* _INPUT DATA_
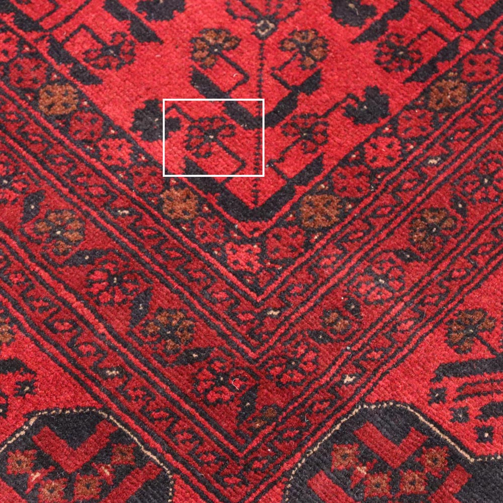 Typically, it has the flowers found on most Afghan rugs. Also the dark red colouring makes this Kahl Mohammadi unmistakably an Afghan rug. Often Kahl Mohammadi have the so-called elephant foot pattern in the central part of the carpet. This is an octagonal ornament, whose outer shape is reminiscent of an elephant foot. This carpet, on the other hand, has been used exclusively in flowers and rectangular shapes. This creates a not entirely unusual, but at the same time individual design with a timeless character. Here too, the flower in large format is at the centre of each ornament.
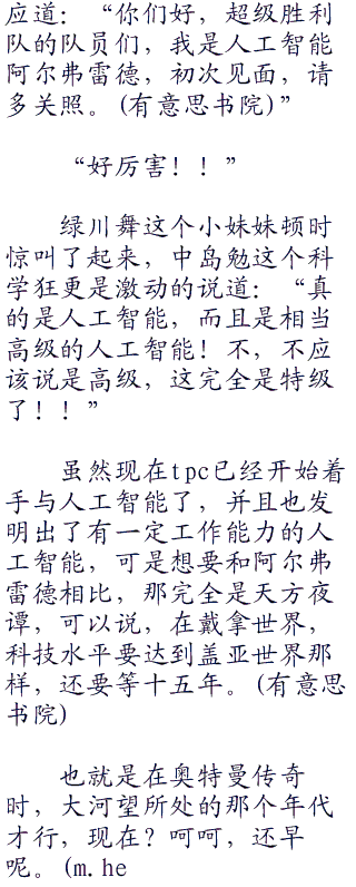 “这是人工智能,这座研究所除了我还有右之外,就是他在管理了,噢,对了,他叫阿尔弗雷德。阿尔弗雷德,跟我们的朋友打个招呼。”
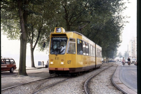 This photo is taken at Willinsplein and shows a tram working on route 5 to Schiebrook on 25th August 1990. The tram is no. 831 and is one of a batch of ZGT6’s built by Duewag in 1986, it was withdrawn from service in Rotterdam in 2009.
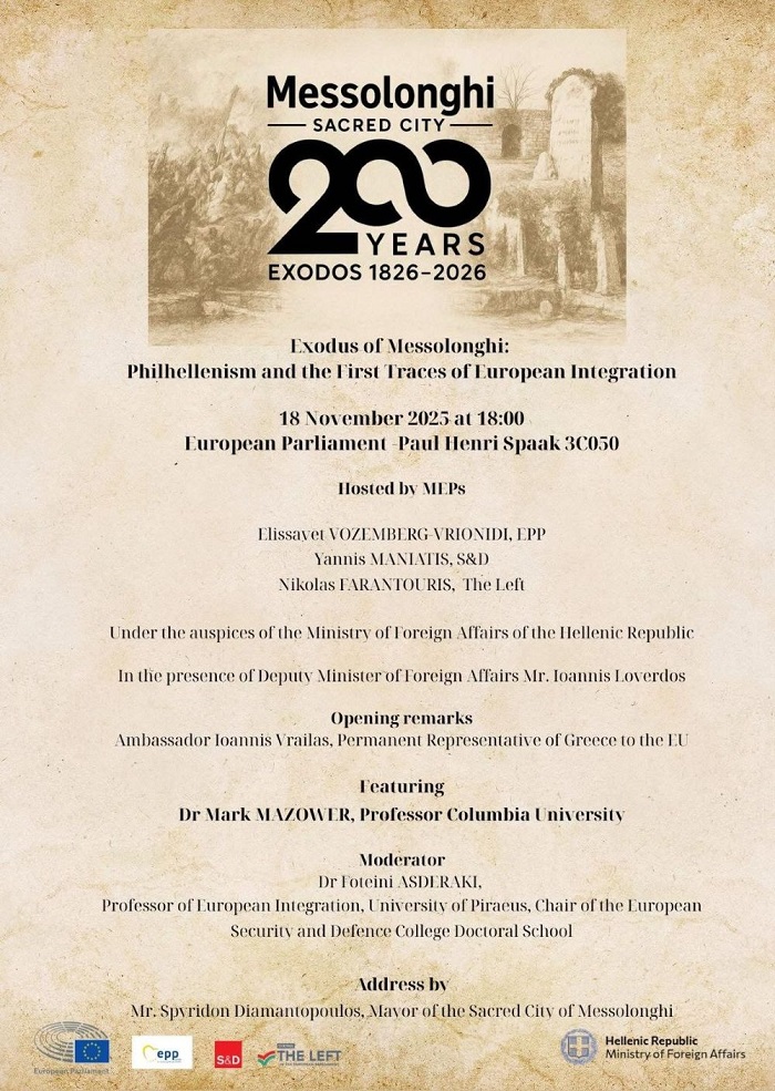Το Ευρωπαϊκό Κοινοβούλιο τιμά τη Διακοσιοστή Επέτειο της Εξόδου του Μεσολογγίου με την εκδήλωση «Η Έξοδος του Μεσολογγίου: Ο Φιλελληνισμός και τα Πρώτα Ίχνη της Ευρωπαϊκής Ενοποίησης», η οποία θα πραγματοποιηθεί στις Βρυξέλλες την προσεχή Τρίτη, 18 Νοεμβρίου 2025 στις 19:00 (ώρα Ελλάδας).

* _WORK INSTRUCTION_
What you return must match the material above exactly, apart from its pictures.

* _EXPECTED OUTPUT_
 Typically, it has the flowers found on most Afghan rugs. Also the dark red colouring makes this Kahl Mohammadi unmistakably an Afghan rug. Often Kahl Mohammadi have the so-called elephant foot pattern in the central part of the carpet. This is an octagonal ornament, whose outer shape is reminiscent of an elephant foot. This carpet, on the other hand, has been used exclusively in flowers and rectangular shapes. This creates a not entirely unusual, but at the same time individual design with a timeless character. Here too, the flower in large format is at the centre of each ornament.
 “这是人工智能,这座研究所除了我还有右之外,就是他在管理了,噢,对了,他叫阿尔弗雷德。阿尔弗雷德,跟我们的朋友打个招呼。”
 This photo is taken at Willinsplein and shows a tram working on route 5 to Schiebrook on 25th August 1990. The tram is no. 831 and is one of a batch of ZGT6’s built by Duewag in 1986, it was withdrawn from service in Rotterdam in 2009.
Το Ευρωπαϊκό Κοινοβούλιο τιμά τη Διακοσιοστή Επέτειο της Εξόδου του Μεσολογγίου με την εκδήλωση «Η Έξοδος του Μεσολογγίου: Ο Φιλελληνισμός και τα Πρώτα Ίχνη της Ευρωπαϊκής Ενοποίησης», η οποία θα πραγματοποιηθεί στις Βρυξέλλες την προσεχή Τρίτη, 18 Νοεμβρίου 2025 στις 19:00 (ώρα Ελλάδας).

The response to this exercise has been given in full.